Hybrid Cars - Alternative Energy

Hybrid cars have increased in popularity as of late.Nows the time to support alternative energy solutions and technologies.

Hybrid Cars - Alternative Energy


"Hybrid Nation"

Sunday, December 23, 2007

New US Fuel Efficiency Standards May Aid Aluminum,Hurt Steel

WASHINGTON (AP)--The energy bill President George W. Bush signed last week mandating tougher fuel-economy standards sent a simple message to automakers: lighten up.

The new rules certainly give makers of aluminum, carbon fiber and other lightweight materials something to smile about, analysts say, though the steel industry's piece of the auto-industry pie is likely to shrink.
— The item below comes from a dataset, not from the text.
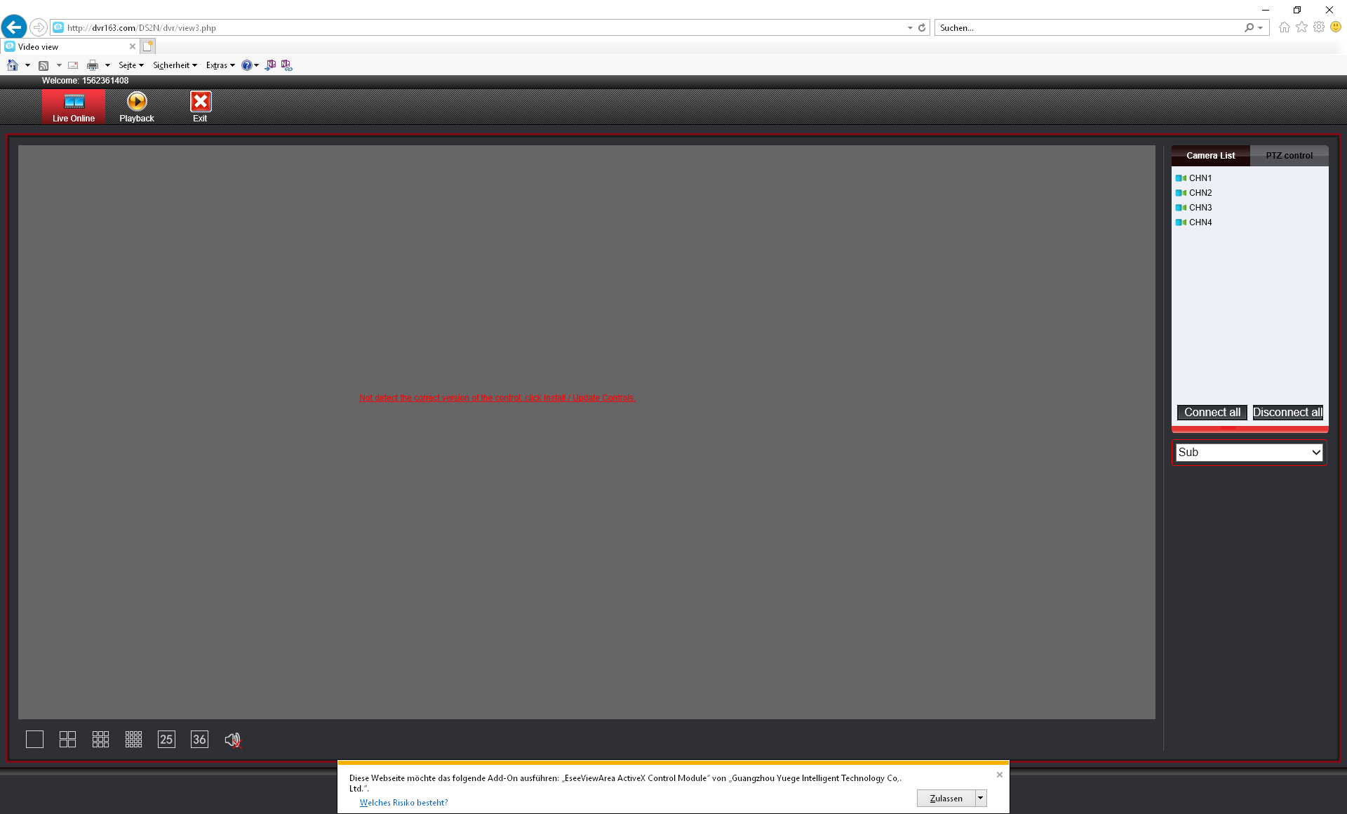 Der Zugriff über das Webportal dvr163.com ist ebenfalls per Default möglich. Als Browser empfiehlt Inkovideo den Internet Explorer, beim ersten Aufrufen der – unverschlüsselten – HTTP-Verbindung muss man sich erst ein Browser-Plugin herunterladen und dann ein ActiveX Control Module. Wir haben beherzt alle Warnmeldungen weggeklickt und alles kritiklos installiert, dann war der Zugriff per Internet eingerichtet.

Auto shoppers, meanwhile, can expect to pay a premium at dealerships when the new rules kick-in - but the impact will be mitigated somewhat by fuel savings.

The new law says the auto industry must raise its fleet-wide fuel-economy average 40% in the U.S., to 35 miles per gallon (15 kilometers per liter), by 2020. Increased mileage requirements could begin as early as 2011.

"With new standards, historically the auto industry has responded by lowering the weight, which meant less steel and more aluminum, rubber and plastic," said Mary Deily, a professor of economics at Lehigh University in Bethlehem, Pennsylvania, who has studied the steel industry.

A 10% drop in weight yields roughly a 6% improvement in fuel economy, automakers and analysts said.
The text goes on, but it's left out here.